▶ _Your instructions_:
Word for word, please restate each record and pass over the pictures.

▶ _Stored items_:
┌────────

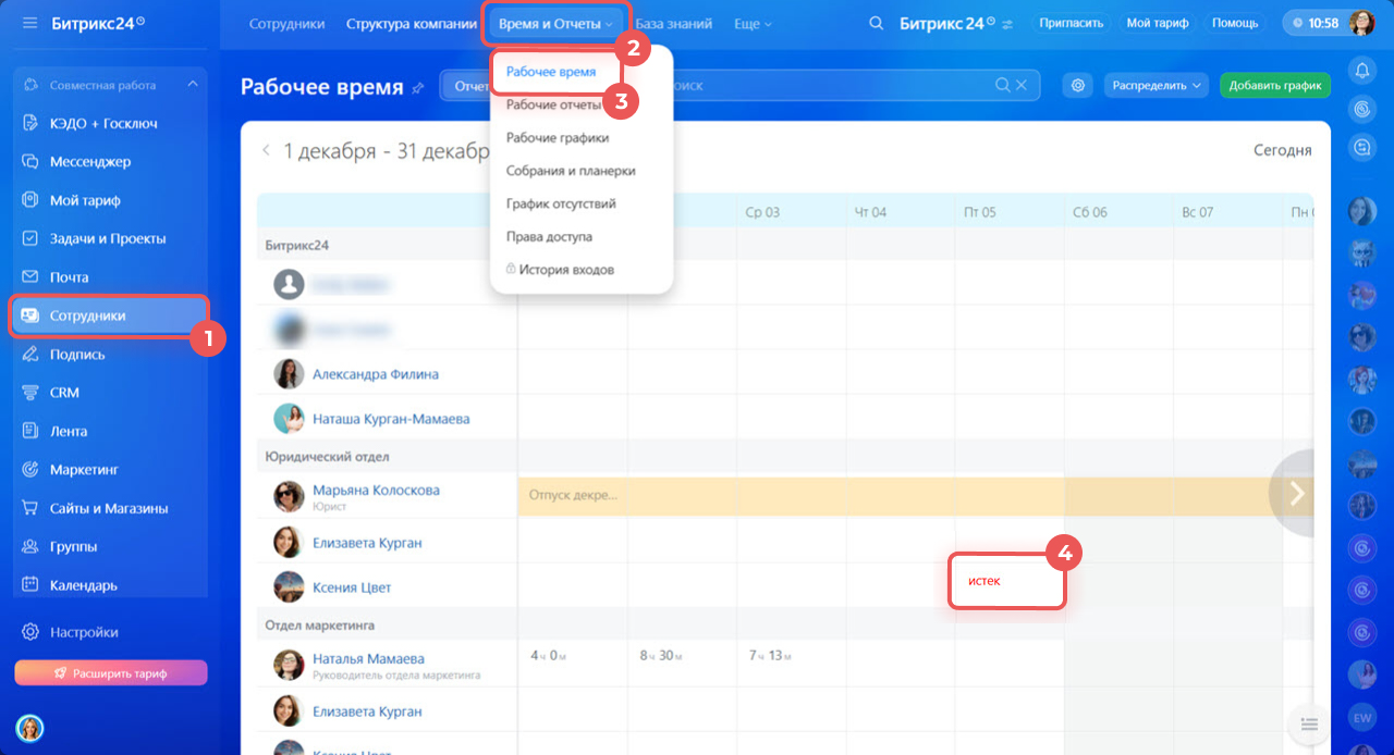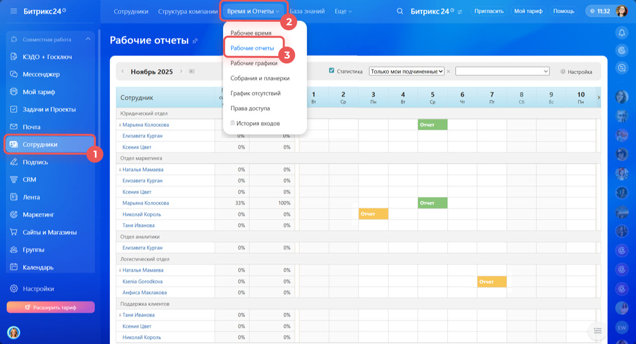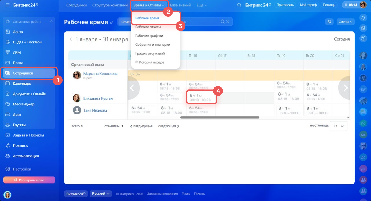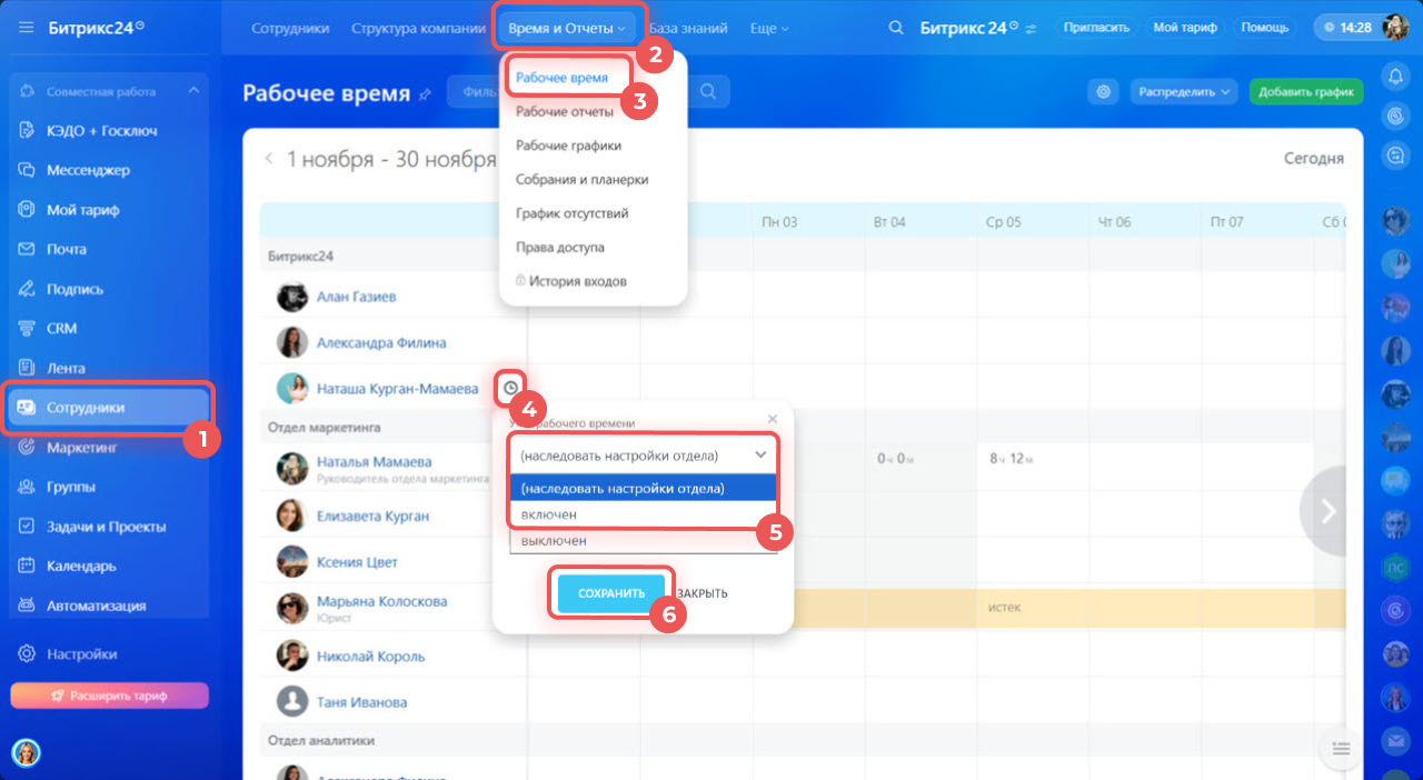1–3. Перейдите в раздел Сотрудники > Время и отчеты > Рабочее время.
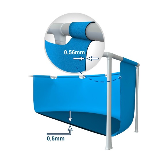 Diseño: fabricada en color azul, con tejido resistente de tres capas laminadas de PVC-Poliéster que aportan mayor firmeza y resistencia, estructura metálica con barras de acero con acabado epoxi antióxido
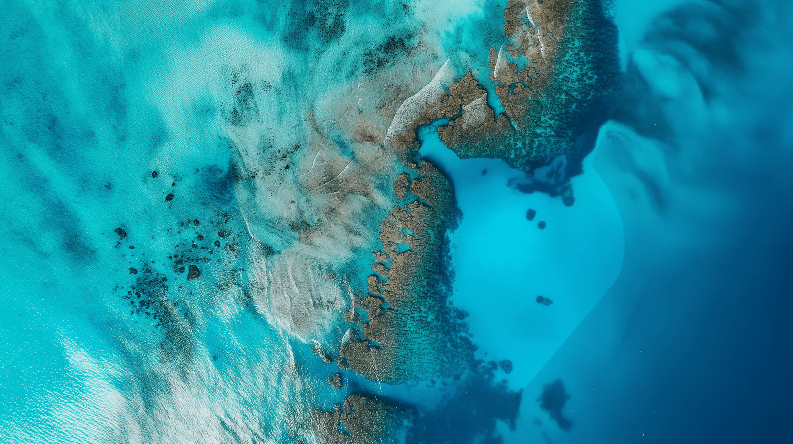Diese luftaufnahme ozean tapete fängt die faszinierende Schönheit eines tropischen Riffs von oben ein, wo kristallklares türkisfarbenes Wasser auf sandige Korallenformationen trifft. Die auffällige Luftperspektive zeigt die Kunstfertigkeit der Natur in feinster Detailgenauigkeit und präsentiert die harmonische Verbindung von tiefem Azurblau mit sandigen Beigetönen. Die tropische riff tapete erzeugt ein fesselndes Farbenspiel, von lebhaftem Türkis bis zu subtilen Erdtönen, und bildet eine organische abstrakte Komposition, die scheinbar endlos fließt.
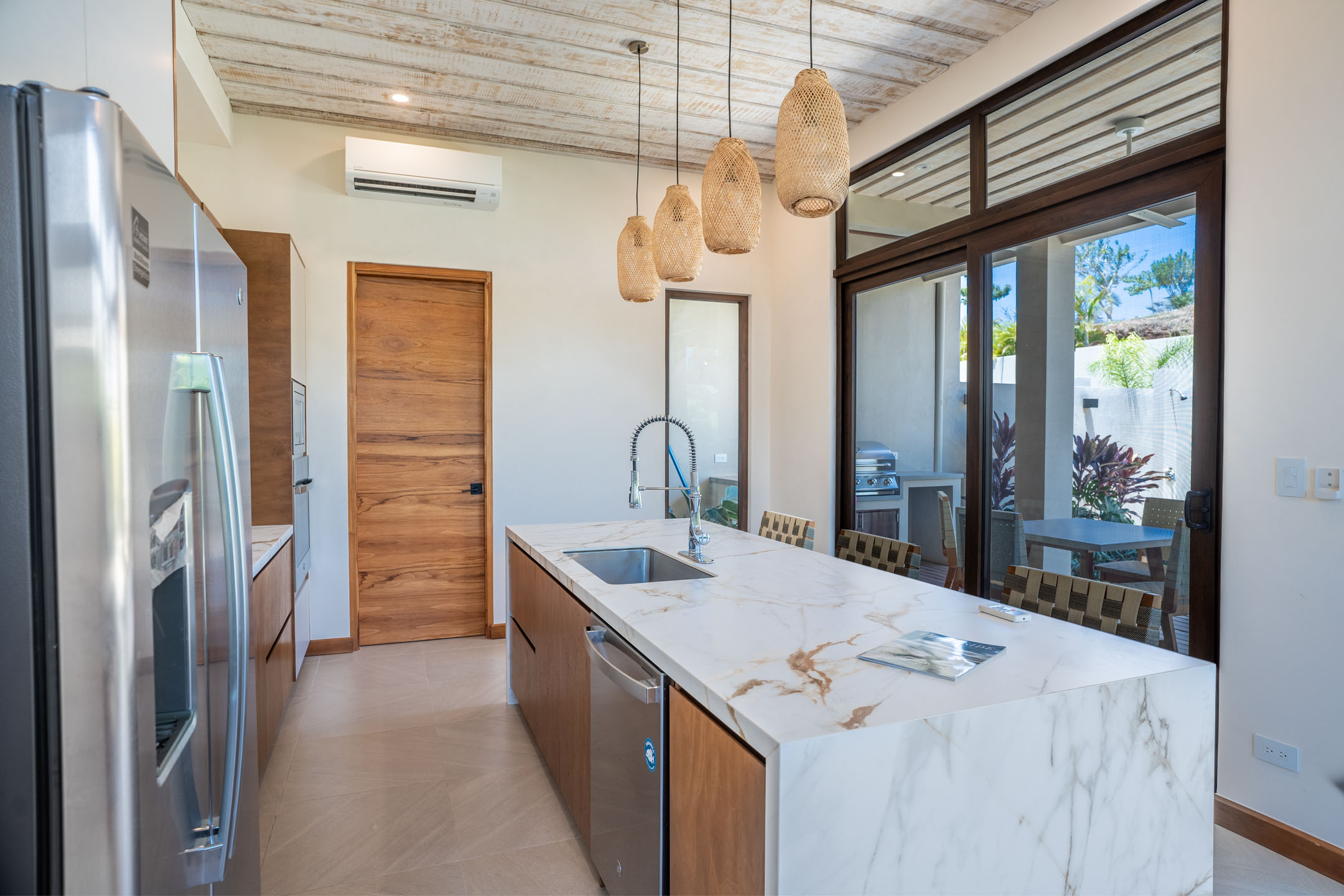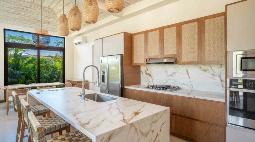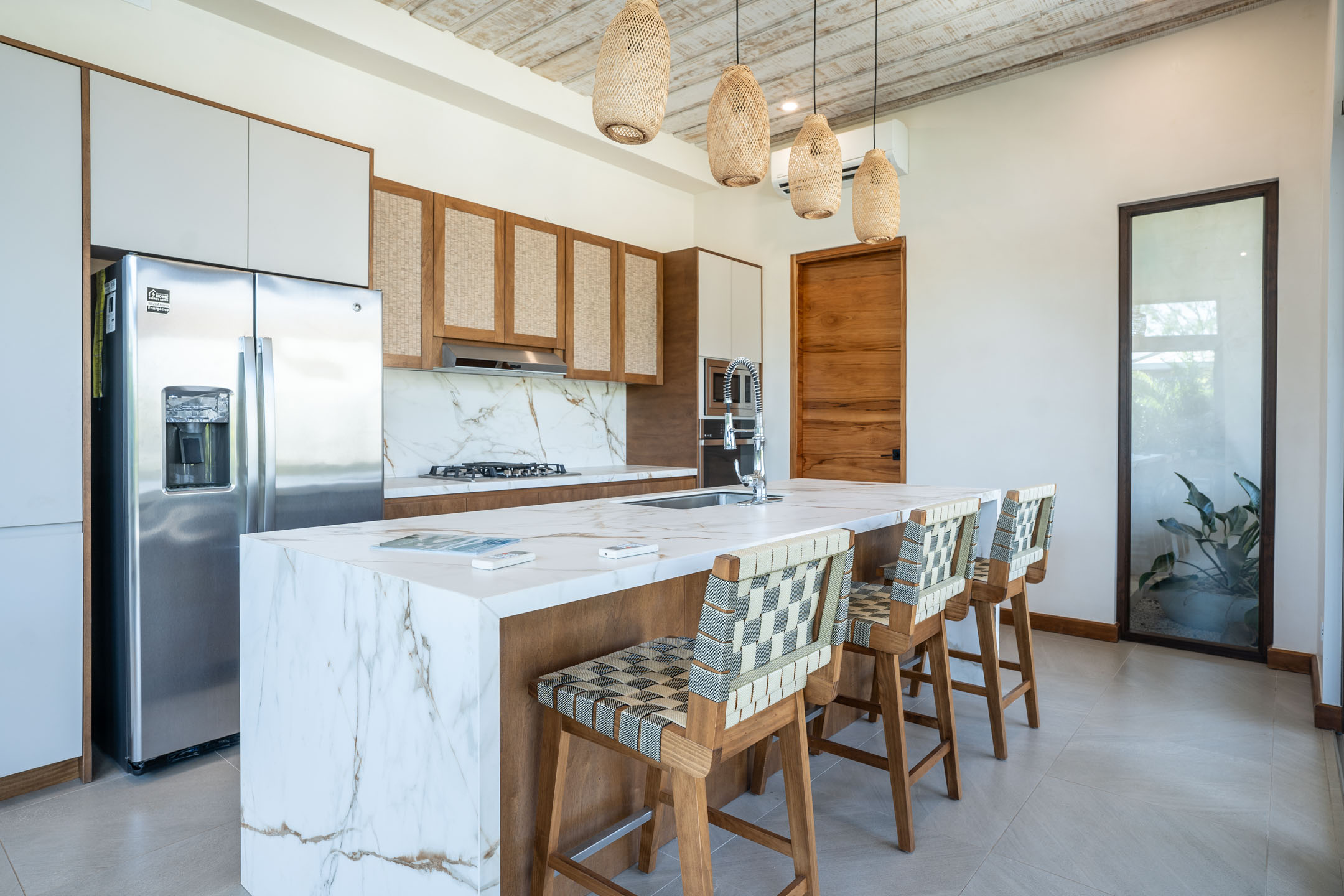 Cada detalle de nuestra casa ha sido meticulosamente pensado para optimizar la belleza de la vegetación exótica circundante. Con tres espaciosos dormitorios y baños, equipados con materiales de la más alta calidad y elegantes suelos de porcelana, el confort y la elegancia se encuentran en cada esquina.
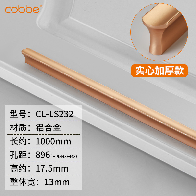 • 둥근 작은 허리 긴 알루미늄 손잡이 로즈 골드 1000mm
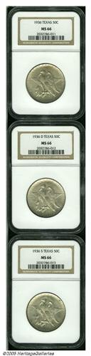 <B>1936<SET> Texas PDS Set MS66 NGC.</B></I> The set includes: <B>1936,</B></I> lustrous, nearly pristine, well struck, lilac and chestnut toning; <B>1936-D,</B></I> a good strike, undisturbed, lovely dove-gray color; and a <B>1936-S,</B></I> creamy luster, a decent strike, glimpses of lavender and honey patina.<BR><I>From the Dr. Kurt Peters Collection.</B></I> From the Dr. Kurt Peters Collection.
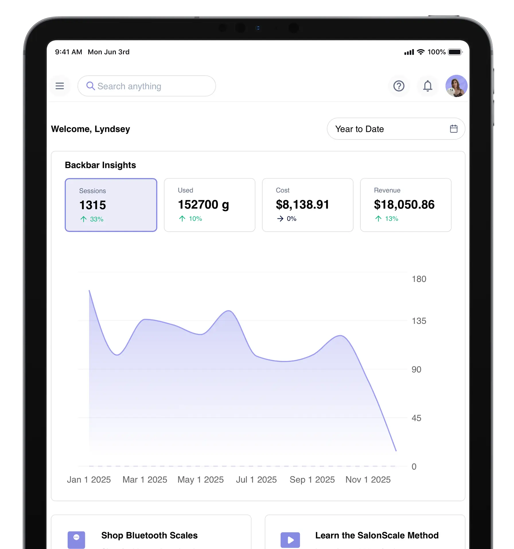 Stop guessing your color usage. SalonScale shows you the true cost behind every formula, instantly with real-time product costs, inventory, ordering and so much more.
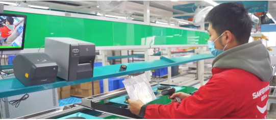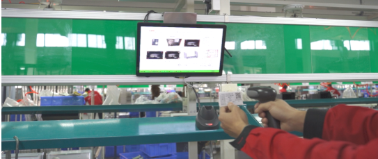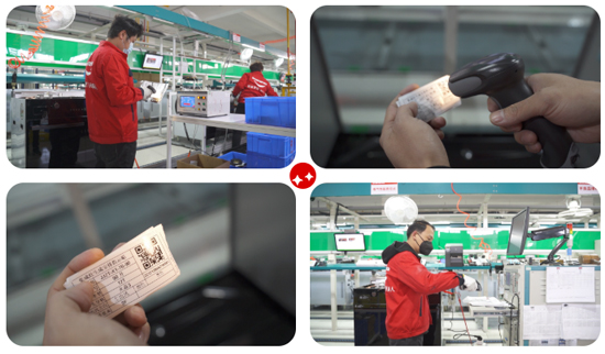 每台产品的配件和整机都贴有条码,每一道工序扫描条码进行信息录入,系统通过采集的检测数据,自动判断产品是否合格,如数据异常则自动出现报警,产品立马进入返修检测环节,保证产品100%的合格率。

└────────

▶ _Your solution_:
1–3. Перейдите в раздел Сотрудники > Время и отчеты > Рабочее время.
 Diseño: fabricada en color azul, con tejido resistente de tres capas laminadas de PVC-Poliéster que aportan mayor firmeza y resistencia, estructura metálica con barras de acero con acabado epoxi antióxido
Diese luftaufnahme ozean tapete fängt die faszinierende Schönheit eines tropischen Riffs von oben ein, wo kristallklares türkisfarbenes Wasser auf sandige Korallenformationen trifft. Die auffällige Luftperspektive zeigt die Kunstfertigkeit der Natur in feinster Detailgenauigkeit und präsentiert die harmonische Verbindung von tiefem Azurblau mit sandigen Beigetönen. Die tropische riff tapete erzeugt ein fesselndes Farbenspiel, von lebhaftem Türkis bis zu subtilen Erdtönen, und bildet eine organische abstrakte Komposition, die scheinbar endlos fließt.
 Cada detalle de nuestra casa ha sido meticulosamente pensado para optimizar la belleza de la vegetación exótica circundante. Con tres espaciosos dormitorios y baños, equipados con materiales de la más alta calidad y elegantes suelos de porcelana, el confort y la elegancia se encuentran en cada esquina.
 • 둥근 작은 허리 긴 알루미늄 손잡이 로즈 골드 1000mm
 <B>1936<SET> Texas PDS Set MS66 NGC.</B></I> The set includes: <B>1936,</B></I> lustrous, nearly pristine, well struck, lilac and chestnut toning; <B>1936-D,</B></I> a good strike, undisturbed, lovely dove-gray color; and a <B>1936-S,</B></I> creamy luster, a decent strike, glimpses of lavender and honey patina.<BR><I>From the Dr. Kurt Peters Collection.</B></I> From the Dr. Kurt Peters Collection.
 Stop guessing your color usage. SalonScale shows you the true cost behind every formula, instantly with real-time product costs, inventory, ordering and so much more.
 每台产品的配件和整机都贴有条码,每一道工序扫描条码进行信息录入,系统通过采集的检测数据,自动判断产品是否合格,如数据异常则自动出现报警,产品立马进入返修检测环节,保证产品100%的合格率。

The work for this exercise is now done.